Of course, George W. Bush and the GOP tended those vines, watered and fertilized them, fed them Miracle Gro and steroids, while the right-wing machine flooded TV and radio and academia with its messages of “individual” responsibility, and a twisted mix of free market tributes, Christian fundamentalism and militarism. W and the people around him pushed a harder, crueler, and unforgiving vision – an American Nightmare built on the bones of the American Dream.  Every “public” aspect of American life has come under intense attack: teachers, firefighters, and public servants of every stripe are painted as parasitic drains on government treasuries. It is classic class warfare, and it continues to this day, with cries from Paul Ryan and his ilk for steep cuts in Social Security, Medicare and even food stamps for the neediest citizens, primarily children.  As in any authoritarian regime, the military budget and funding for the national security apparatus are sacrosanct.

The danger of any revolution is that it will go too far, lose sight of its initial aims, and gather a perverse momentum that spells its own demise. This is what happened with the Reagan Revolution: it created too much economic inequality and too many zealots eager to sacrifice common sense and moderation for their ideology.  The zealots speak of freedom and democracy as they toil to degrade both. Freedom must mean more than the freedom to shop, to consume, to acquire and accumulate worldly goods; democracy is hollow if it consistently ignores the will of the governed. 

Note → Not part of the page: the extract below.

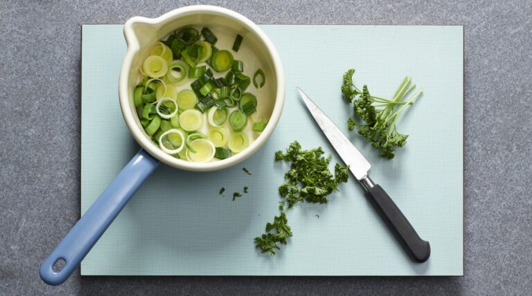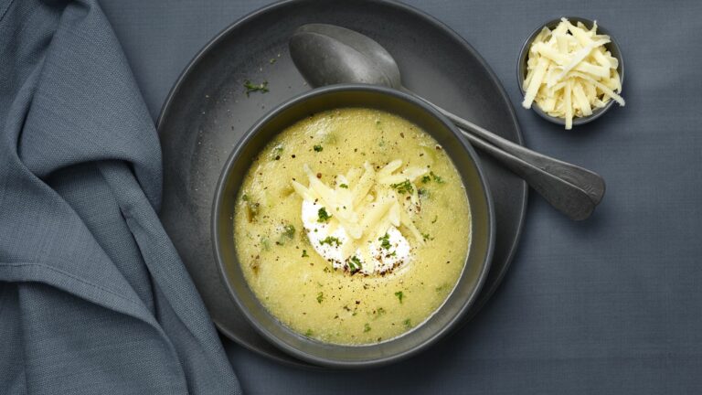 Tagliare il porro ad anelli sottili e rosolarlo nell’olio caldo. Sfumare con il vino bianco o il sidro. Versare il brodo e portare a ebollizione. Aggiungere lentamente la farina di mais mescolando. Lasciar cuocere a fuoco basso per 10-15 minuti con il coperchio, mescolando di tanto in tanto. Condire con sale e pepe.

Hyper social Darwinism, every citizen on his or her own, a gladiator in the economic arena, competing for survival against implacable foes that view mercy as weakness and moderation as a sin. As philosopher Alain Badiou has described our twisted age:

Privatize everything. Abolish help for the weak, the solitary, the sick and the unemployed. Abolish all aid for everyone except the banks. Don’t look after the poor; let the elderly die. Reduce the wages of the poor, but reduce taxes on the rich. Make everyone work until they are ninety.”

Is this the ethos we want to organize our society around? If so, count me out. We can’t continue like this because it’s not sustainable for our society or the planet on which we depend. We desperately need new social movements and a new economic arrangement that tempers greed and establishes a multiple bottom line that takes the welfare of workers and the health of the environment into account.

Unfortunately, the hour is later than we know.